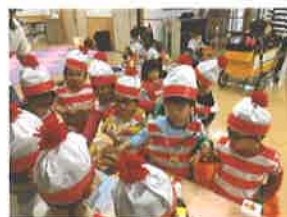
お店屋さんごっこ
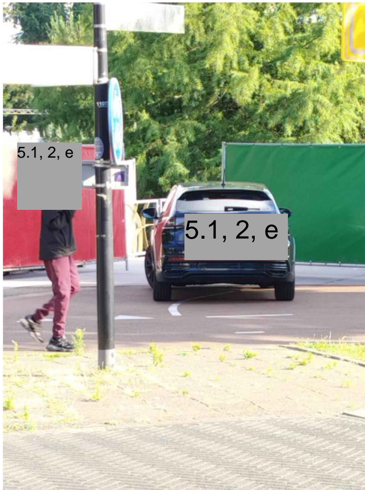
IMG_20250725_184112.jpg op 25-07-2025 19:32 door melder
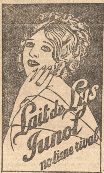
Lait de Lys Junol no tiene rival
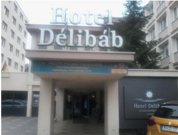
Fig. 1 La loko de la renkontiĝo

La renkontiĝon de la fervojaj pontistoj oni aranĝis jam 11-a foje, ĉi-okaze la 22-23-an de septembro 2021, en la fama banloko Hajdúszoboszló , laŭ komuna organizado de Fonduso „Fervojaj Pontoj” kaj Hungara Inĝeniera Ĉambro. La slogano de la renkontiĝo estis: „25 jaroj en la servo de fervojaj pontoj”. Por la aranĝaĵo donis hejmon la kvarstela Hotel Délibáb (Hotelo Miraĝo). (Fig. 1)
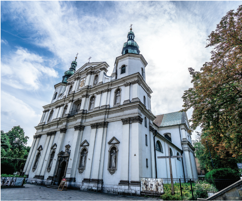
▲ Kościół św. Bernarda ze Sieny

Przybycie tego zakonu do Krakowa wiąże się ze św. Janem Kapistranem, który w 1453 r. trafił do miasta i na krakowskim Rynku Głównym wygłaszał płomienne kazania wzywające do pokuty za grzechy, walki ze zbytkiem i zepsuciem. Pod jego wpływem wierni przynosili „grzeszne” przedmioty, które następnie palono. Dużo trwalszym efektem jego kazań było wstąpienie przeszło 100 osób do założonego przez kaznodzieję właśnie w Krakowie nowego zakonu, w Polsce popularnie zwanego bernardynami.
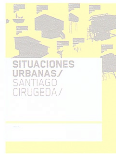
SITUACIONES URBANAS Santiago Cirugeda

En el libro se recogen 44 ejemplos de viviendas unifamiliares españolas, junto con las opiniones de los arquitectos autores. Son propuestas diversas en sus requisitos y situación geográfica, que proporcionan una visión del quehacer de profesionales preocupados por hacer compatibles la sostenibilidad y la arquitectura de calidad. Nos ofrecen soluciones a los diferentes climas de la península; propuestas donde aparecen materiales naturales y también novedosos; construcción ligera y pesada, inercia térmica, invernaderos, etc. Algunas apuestan por las energías limpias y otras son viviendas industrializadas construidas en seco.
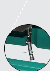
Livré avec un tuyau tressé et un câble chauffant 24 V
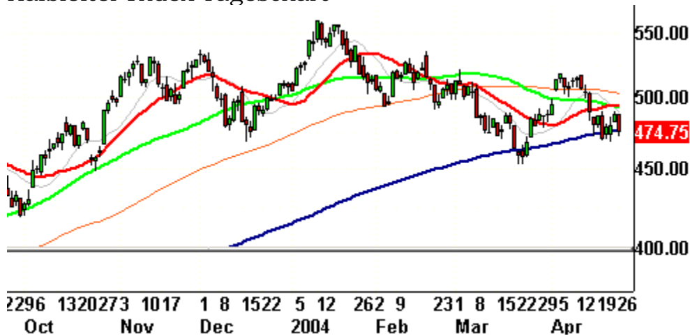
Halbleiter Index Tageschart

----- Gestern erreichte die Zahl der neuen Tiefs an der NYSE ein neues 52-Wochen-Hoch. Dies wird durch den ebenfalls stark steigenden 10-Tages-Durchschnitt auf dem folgenden Chart reflektiert.
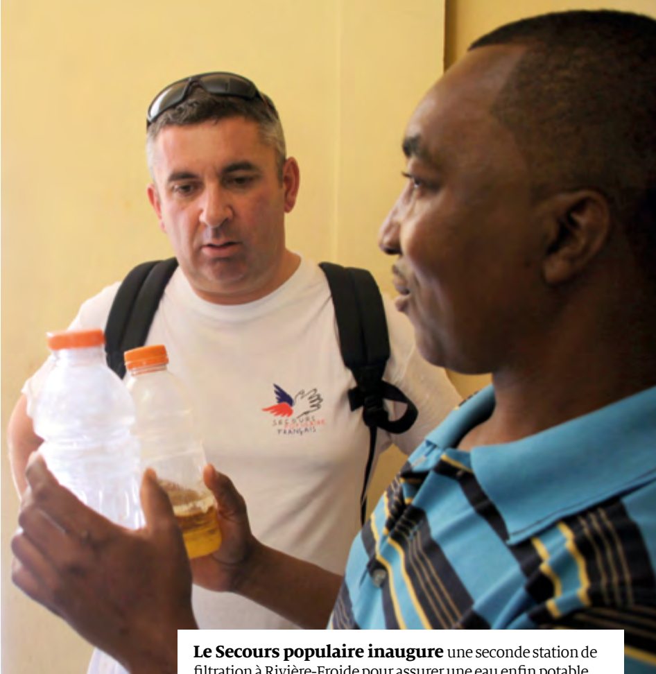
Le Secours populaire inaugure une seconde station de filtration à Rivière-Froide pour assurer une eau enfin potable.
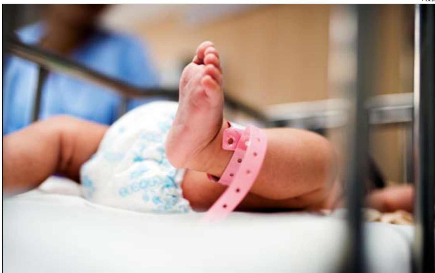
O estado já registra 496 casos de covid-19 em crianças desde o início da pandemia, sendo 9 mortes registradas

A quantidade de vidas perdidas em menos de 24 horas em Mato Grosso atingiu seu maior pico na tarde de terça-feira (4). Foram 70 ocorrências de óbitos confirmados pelas secretarias municipais de Saúde de 31 municípios. Um deles, de um bebê
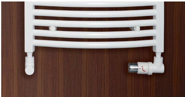
Ausführung Warmwasserbetrieb mit Anschlüssen rechts, links.
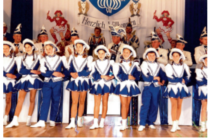
Foto: 2001 - T-WRZ - Blue Diamonds

Das soll es an dieser Stelle gewesen sein. Dieser Rückblick in die Vergangenheit hat keinen Anspruch auf Vollständigkeit. Auch gibt es immer sehr individuelle Aspekte und Sichtweisen, wenn man auf die Geschichte des WRZ zurückschaut. Diesen allen gerecht zu werden, würde den Rahmen unserer Möglichkeiten sprengen.
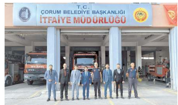
Ziyaretin anısına hatıra fotoğrafı çekildi.
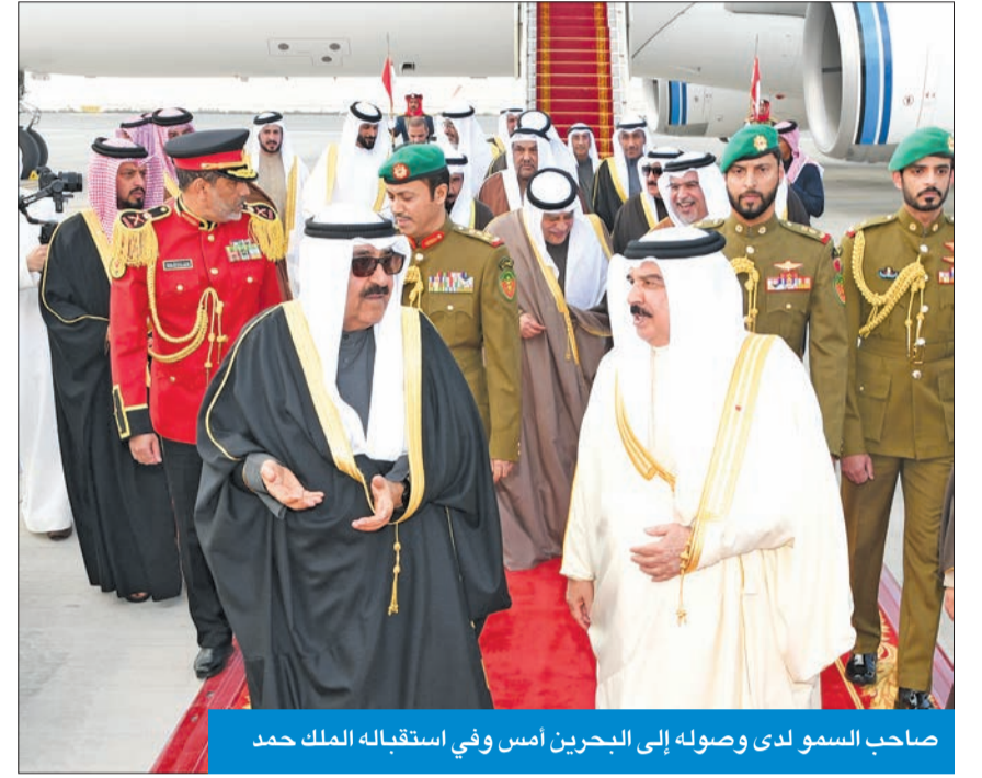
صاحب السمو لدى وصوله إلى البحرين أمس وفي استقباله الملك حمد
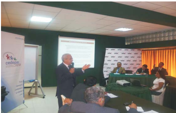
Director Ejecutivo del Capítulo Perú del Plan Binacional dirigiéndose a las autoridades presentes.

Asimismo, se conformaron paneles y grupos de trabajo con la activa participación de las autoridades presentes.
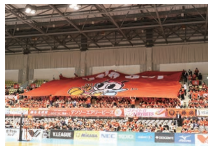
2019年2月に開催された初のホーム戦

さらにエアリービーズは、公式戦以外にも地域貢献活動として小学生を対象とした大会の開催や、中学生対象のバレーボール教室を引き続き開催する予定です。両市にとどまらず、広域圏の皆さんからエアリービーズに熱い声援を送ってください!!
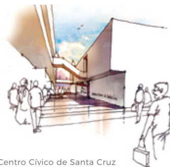
· Centro Cívico de Santa Cruz

Será sempre uma prioridade continuar a investir na preservação do património histórico-cultural, garantindo a sua reabilitação, fruição pública e potenciação turística.
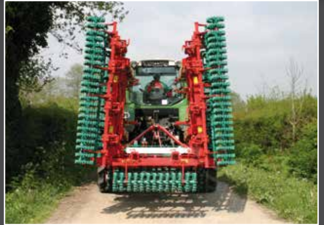
Nur 2,50 m Transportbreite.
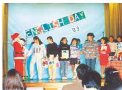
全学年、年に一度の英語学習発表会／ イングリッシュデー(1993年)
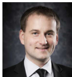
Mart Mere Marsh Kindlustusmaakler AS juhatuse esimees
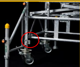
アウトリガー部 開き防止金具
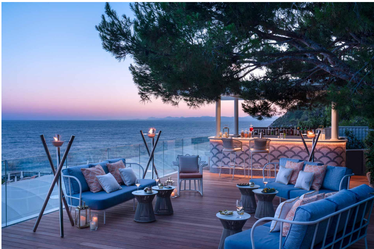
Le Club Dauphin du Grand Hôtel du Cap-Ferrat

Bon à savoir ? Depuis 2015, la gestion du Grand-Hôtel du Cap-Ferrat (5-étoiles classé Palace) est assurée par Four Seasons. Il s'agit de l'un des quatre hôtels de l'enseigne canadienne en France (avec le Four Seasons George V à Paris, le Four Seasons Megève et les Chalets du Mont d'Arbois, toujours à Megève).
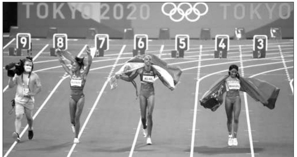
▲ La venezolana Yulimar Rojas (centro), tras ganar la medalla de oro del salto triple en los Juegos Olímpicos de Tokio, el pasado domingo 1 de agosto.

El trasfondo: el siete veces campeón Lewis Hamilton remontando en las últimas carreras de la temporada en un fallido intento para contener a su retador Max Verstappen. La emoción: el asombro cuando chocaron en el Gran Premio de Italia, donde el Red Bull de Verstappen se encaramó encima del Mercedes de Hamilton.

************

• Work instruction:
Repeat only the lines from the one with "Asimismo, se conformaron" through the end of the data, both included and exactly as written. Pictures stay out of the copy.

• Solution to this problem:
Asimismo, se conformaron paneles y grupos de trabajo con la activa participación de las autoridades presentes.
2019年2月に開催された初のホーム戦

さらにエアリービーズは、公式戦以外にも地域貢献活動として小学生を対象とした大会の開催や、中学生対象のバレーボール教室を引き続き開催する予定です。両市にとどまらず、広域圏の皆さんからエアリービーズに熱い声援を送ってください!!
· Centro Cívico de Santa Cruz

Será sempre uma prioridade continuar a investir na preservação do património histórico-cultural, garantindo a sua reabilitação, fruição pública e potenciação turística.
Nur 2,50 m Transportbreite.
全学年、年に一度の英語学習発表会／ イングリッシュデー(1993年)
Mart Mere Marsh Kindlustusmaakler AS juhatuse esimees
アウトリガー部 開き防止金具
Le Club Dauphin du Grand Hôtel du Cap-Ferrat

Bon à savoir ? Depuis 2015, la gestion du Grand-Hôtel du Cap-Ferrat (5-étoiles classé Palace) est assurée par Four Seasons. Il s'agit de l'un des quatre hôtels de l'enseigne canadienne en France (avec le Four Seasons George V à Paris, le Four Seasons Megève et les Chalets du Mont d'Arbois, toujours à Megève).
▲ La venezolana Yulimar Rojas (centro), tras ganar la medalla de oro del salto triple en los Juegos Olímpicos de Tokio, el pasado domingo 1 de agosto.

El trasfondo: el siete veces campeón Lewis Hamilton remontando en las últimas carreras de la temporada en un fallido intento para contener a su retador Max Verstappen. La emoción: el asombro cuando chocaron en el Gran Premio de Italia, donde el Red Bull de Verstappen se encaramó encima del Mercedes de Hamilton.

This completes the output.